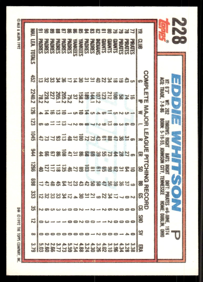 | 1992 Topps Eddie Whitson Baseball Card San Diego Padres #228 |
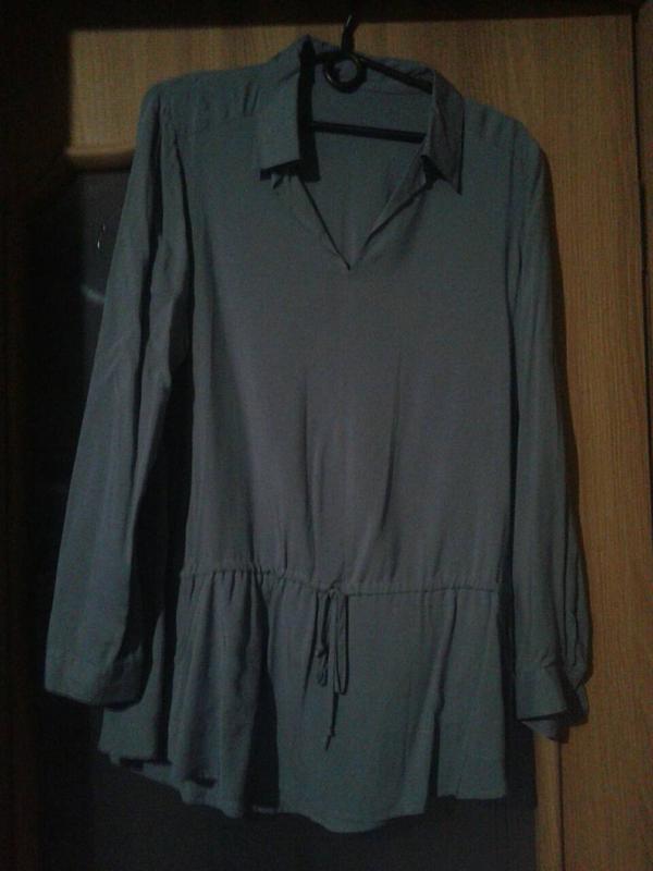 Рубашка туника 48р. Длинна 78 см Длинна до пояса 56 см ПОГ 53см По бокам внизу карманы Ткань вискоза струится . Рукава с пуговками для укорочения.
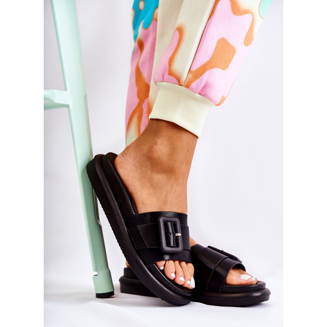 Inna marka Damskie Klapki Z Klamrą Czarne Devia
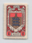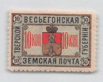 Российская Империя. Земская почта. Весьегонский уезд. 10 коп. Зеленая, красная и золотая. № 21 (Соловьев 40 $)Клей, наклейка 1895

Aim of the exercise | The expected answer is the whole listing above, copied exactly, with images excluded.

Output for this task |
 | 1992 Topps Eddie Whitson Baseball Card San Diego Padres #228 |
 Рубашка туника 48р. Длинна 78 см Длинна до пояса 56 см ПОГ 53см По бокам внизу карманы Ткань вискоза струится . Рукава с пуговками для укорочения.
 Inna marka Damskie Klapki Z Klamrą Czarne Devia
 Российская Империя. Земская почта. Весьегонский уезд. 10 коп. Зеленая, красная и золотая. № 21 (Соловьев 40 $)Клей, наклейка 1895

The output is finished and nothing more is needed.